Managing Sickle Cell Pain

    A woman relaxing on a tan sofa and smilingSickle cell anemia is an inherited form of anemia — a condition in which there aren’t enough healthy red blood cells to carry adequate oxygen throughout your body.

    Normally, your red blood cells are flexible and round, moving easily through your blood vessels. In sickle cell anemia, the red blood cells become rigid, sticky and are shaped like sickles or crescent moons. These irregularly shaped cells can get stuck in small blood vessels, which can slow or block blood flow and oxygen to parts of the body.

    For most people, this process results in a lot of pain.

    While there’s no cure for most people with sickle cell anemia. However, treatments can relieve pain and help prevent further problems associated with sickle cell anemia.

    Getting Rid of the Pain

    Because there is no guaranteed cure, treatment for sickle cell anemia is usually aimed at avoiding crises, relieving symptoms and preventing complications. If you have sickle cell anemia, you’ll need to make regular visits to your doctor to check your red blood cell count and monitor your health. Treatments may include medications to reduce pain and prevent complications, blood transfusions and supplemental oxygen, as well as bone marrow transplant.

    Medications

    Medications used to treat sickle cell anemia include:

    • Antibiotics. Children with sickle cell anemia usually begin taking the antibiotic penicillin when they’re about 2 months of age and continue taking it until they’re 5 years old.
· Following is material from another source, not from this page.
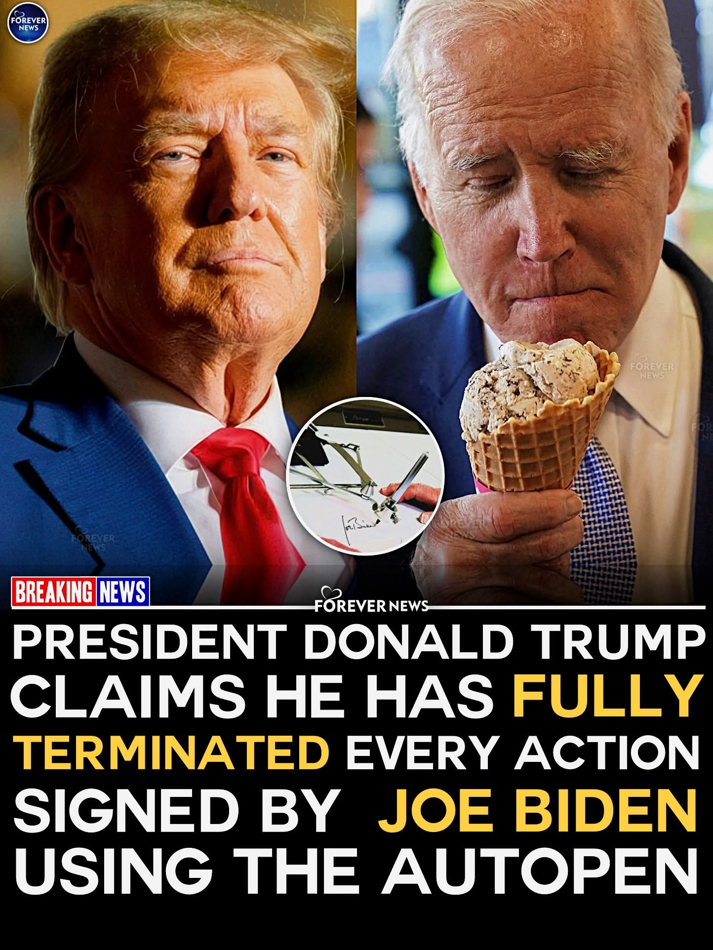 Trump says he has fully terminated Biden executive actions signed by autopen, arguing they were unauthorized and claiming decisions shaping the nation must be personally approved by the president, not mechanically signed by a device.

Doing so helps prevent infections, such as pneumonia, which can be life-threatening to an infant or child with sickle cell anemia. Antibiotics may also help adults with sickle cell anemia fight certain infections.
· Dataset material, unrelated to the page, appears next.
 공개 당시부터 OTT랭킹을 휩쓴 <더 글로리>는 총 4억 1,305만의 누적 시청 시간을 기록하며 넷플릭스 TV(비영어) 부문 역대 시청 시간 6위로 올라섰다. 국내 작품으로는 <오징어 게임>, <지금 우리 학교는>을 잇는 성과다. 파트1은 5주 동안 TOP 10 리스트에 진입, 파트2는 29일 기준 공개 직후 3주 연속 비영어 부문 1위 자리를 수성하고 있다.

    • Pain-relieving medications. To relieve pain during a sickle crisis, your doctor may advise over-the-counter pain relievers and application of heat to the affected area. You may also need stronger prescription pain medication.

    • Hydroxyurea (Droxia, Hydrea). This prescription drug, normally used to treat cancer, may be helpful for adults with severe disease. When taken daily, it reduces the frequency of painful crises and may reduce the need for blood transfusions. It seems to work by stimulating production of fetal hemoglobin — a type of hemoglobin found in newborns that helps prevent the formation of sickle cells. There is some concern about the possibility that long-term use of this drug may cause tumors or leukemia in certain people. Your doctor can help you determine if this drug may be beneficial for you.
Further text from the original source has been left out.